ACTIVITY
Please reproduce the data exactly and omit the pictures.

GIVEN INFORMATION
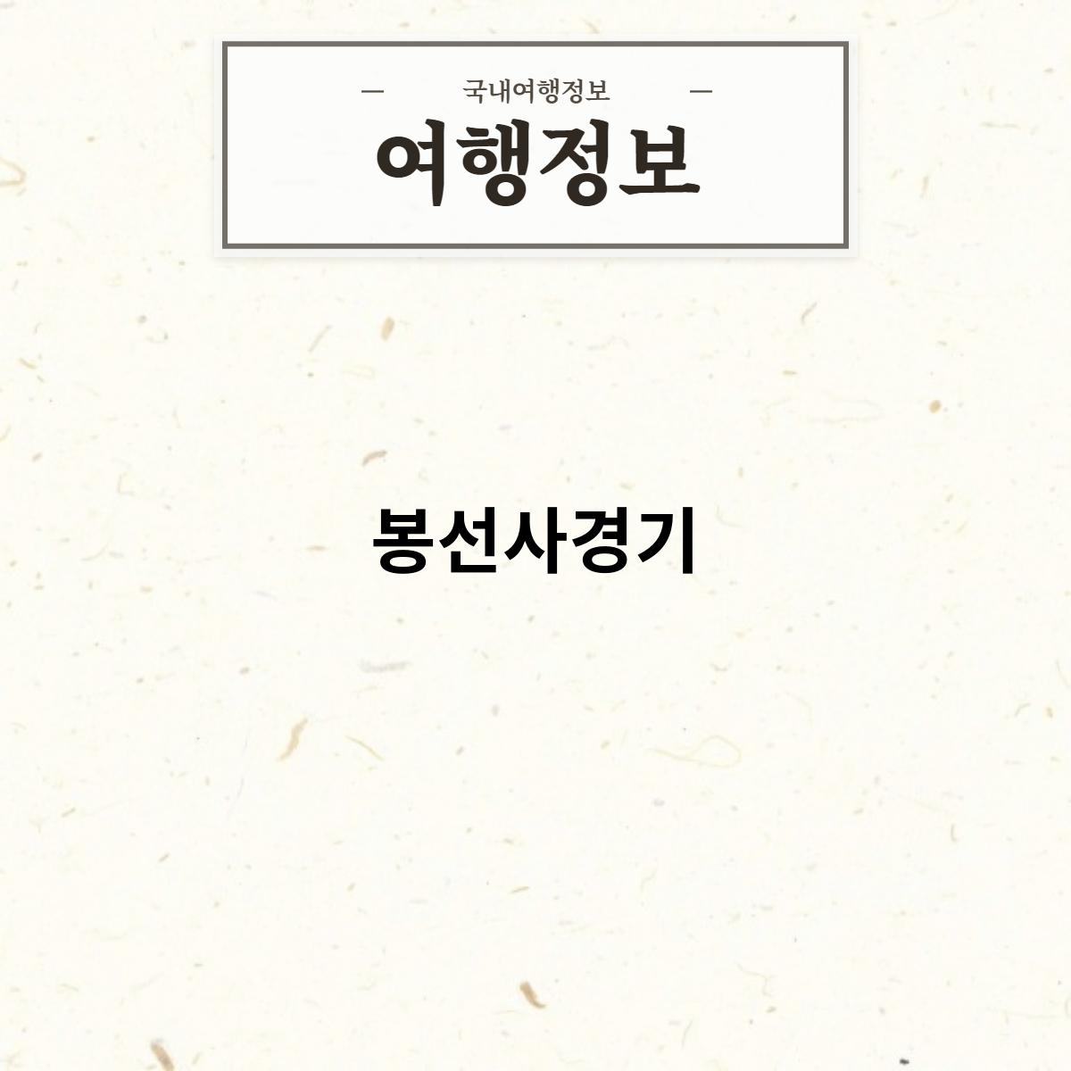 봉선사경기의정보를알아보자
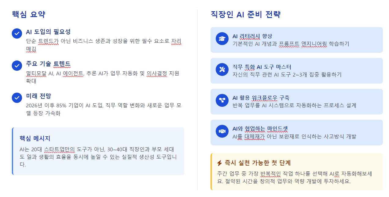 - AI는 생산성을 극적으로 높이는 현실적인 도구입니다: 보고서 작성, 기획, 콘텐츠 생성 등 다양한 업무에 AI를 활용해 시간을 단축할 수 있습니다.
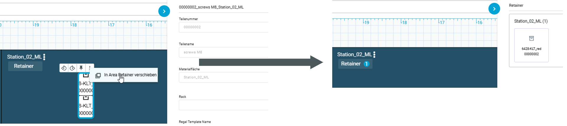 Afterwards, the desired boxes/racks can be dragged and dropped into the side panel and thus stored in the area retainer.

COMPLETED TASK
 봉선사경기의정보를알아보자
 - AI는 생산성을 극적으로 높이는 현실적인 도구입니다: 보고서 작성, 기획, 콘텐츠 생성 등 다양한 업무에 AI를 활용해 시간을 단축할 수 있습니다.
 Afterwards, the desired boxes/racks can be dragged and dropped into the side panel and thus stored in the area retainer.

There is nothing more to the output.